The mechanisms behind the antitumor effects of exercise training (ExTr) are not fully understood. Using mouse models of established breast cancer, we examined here the causal role of CD8+ T cells in the benefit acquired from ExTr in tumor control, as well as the ability of ExTr to improve immunotherapy responses. We implanted E0771, EMT6, MMTV-PyMT, and MCa-M3C breast cancer cells orthotopically in wild-type or Cxcr3-/- female mice and initiated intensity-controlled ExTr sessions when tumors reached approximately 100 mm3 We characterized the tumor microenvironment (TME) using flow cytometry, transcriptome analysis, proteome array, ELISA, and immunohistochemistry. We used antibodies against CD8+ T cells for cell depletion. Treatment with immune checkpoint blockade (ICB) consisted of anti-PD-1 alone or in combination with anti-CTLA-4. ExTr delayed tumor growth and induced vessel normalization, demonstrated by increased pericyte coverage and perfusion and by decreased hypoxia. ExTr boosted CD8+ T-cell infiltration, with enhanced effector function. CD8+ T-cell depletion prevented the antitumor effect of ExTr. The recruitment of CD8+ T cells and the antitumor effects of ExTr were abrogated in Cxcr3-/- mice, supporting the causal role of the CXCL9/CXCL11-CXCR3 pathway. ExTr also sensitized ICB-refractory breast cancers to treatment. Our results indicate that ExTr can normalize the tumor vasculature, reprogram the immune TME, and enhance the antitumor activity mediated by CD8+ T cells via CXCR3, boosting ICB responses. Our findings and mechanistic insights provide a rationale for the clinical translation of ExTr to improve immunotherapy of breast cancer.

Losartan treatment enhances chemotherapy efficacy and reduces ascites in ovarian cancer models by normalizing the tumor stroma.

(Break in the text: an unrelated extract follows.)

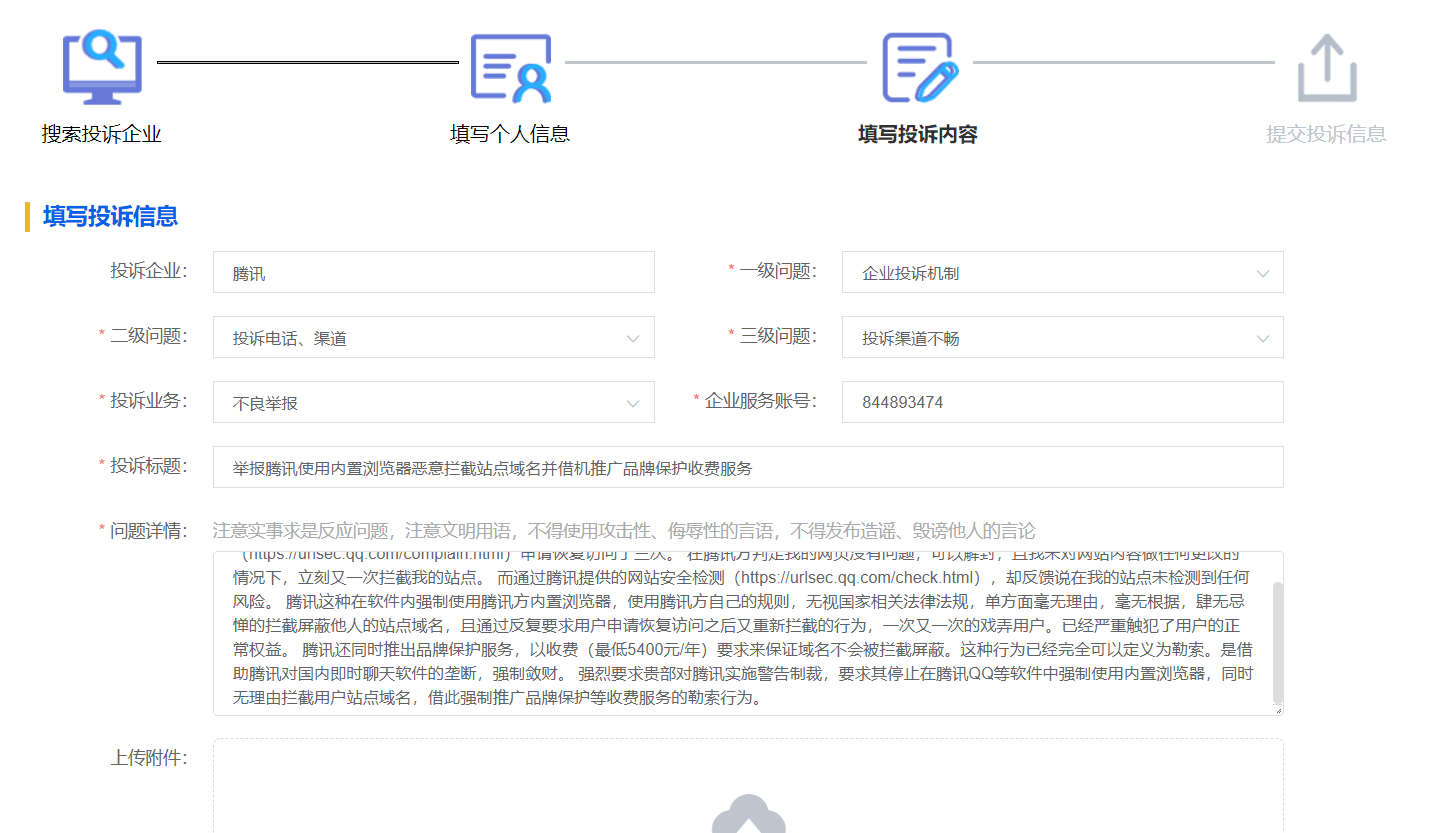 举报腾讯使用内置浏览器恶意拦截站点域名并借机推广品牌保护收费服务,言简意赅。 - 问题详情则是详细论述腾讯的恶心操作。注意正确反映问题,用语文明。以下提供本人编写的案例:

In ovarian cancer patients, tumor fibrosis and angiotensin-driven fibrogenic signaling have been shown to inversely correlate with survival. We sought to enhance drug delivery and therapeutic efficacy by remodeling the dense extracellular matrix in two orthotopic human ovarian carcinoma xenograft models. We hypothesized that targeting the angiotensin signaling axis with losartan, an approved angiotensin system inhibitor, could reduce extracellular matrix content and the associated "solid stress," leading to better anticancer therapeutic effect. We report here four translatable findings: (i) losartan treatment enhances the efficacy of paclitaxel-a drug used for ovarian cancer treatment-via normalizing the tumor microenvironment, resulting in improved vessel perfusion and drug delivery; (ii) losartan depletes matrix via inducing antifibrotic miRNAs that should be tested as candidate biomarkers of response or resistance to chemotherapy; (iii) although losartan therapy alone does not reduce tumor burden, it reduces both the incidence and the amount of ascites formed; and (iv) our retrospective analysis revealed that patients receiving angiotensin system inhibitors concurrently with standard treatment for ovarian cancer exhibited 30 mo longer overall survival compared with patients on other antihypertensives. Our findings provide the rationale and supporting data for a clinical trial on combined losartan and chemotherapy in ovarian cancer patients.